(SUPPLIED MATERIAL):

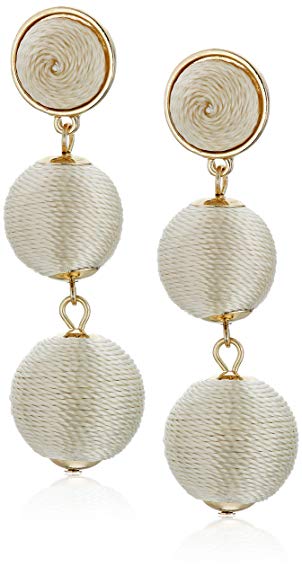 Women’s Double Ball Post Drop Earrings, Ivory – Link
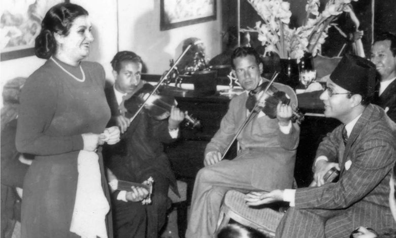 Abdel Wahab came closest to embracing traditional Arab imagery in the “Majnun Layla” operetta from “Happy Day” (1939), which he composed and sang as a duet with Asmahan. In the film, his modern, European-dressed character attends a theatrical performance of Ahmed Shawqi’s play “Majnun Layla” with his beloved Samiha Samih. He then imagines himself as Qays, the legendary lover, appearing in Arab costume opposite Amina El Sherif (voiced by Asmahan) as Layla.
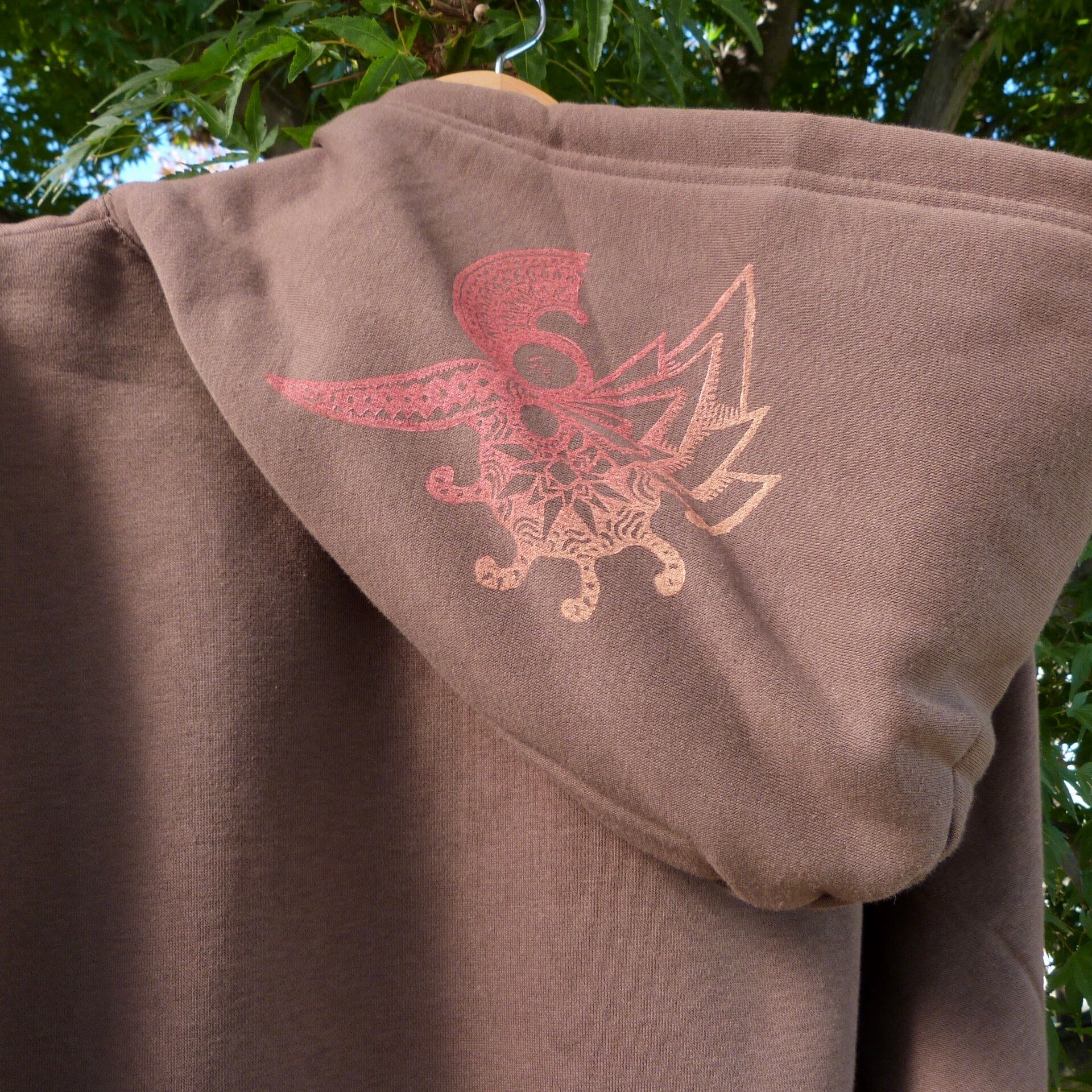 Block printed on 10.0 oz high quality pull over hoodie.

(WORK INSTRUCTIONS): The expected output is the complete listing, word for word, without any picture.

(ANSWER SPACE):
 Women’s Double Ball Post Drop Earrings, Ivory – Link
 Abdel Wahab came closest to embracing traditional Arab imagery in the “Majnun Layla” operetta from “Happy Day” (1939), which he composed and sang as a duet with Asmahan. In the film, his modern, European-dressed character attends a theatrical performance of Ahmed Shawqi’s play “Majnun Layla” with his beloved Samiha Samih. He then imagines himself as Qays, the legendary lover, appearing in Arab costume opposite Amina El Sherif (voiced by Asmahan) as Layla.
 Block printed on 10.0 oz high quality pull over hoodie.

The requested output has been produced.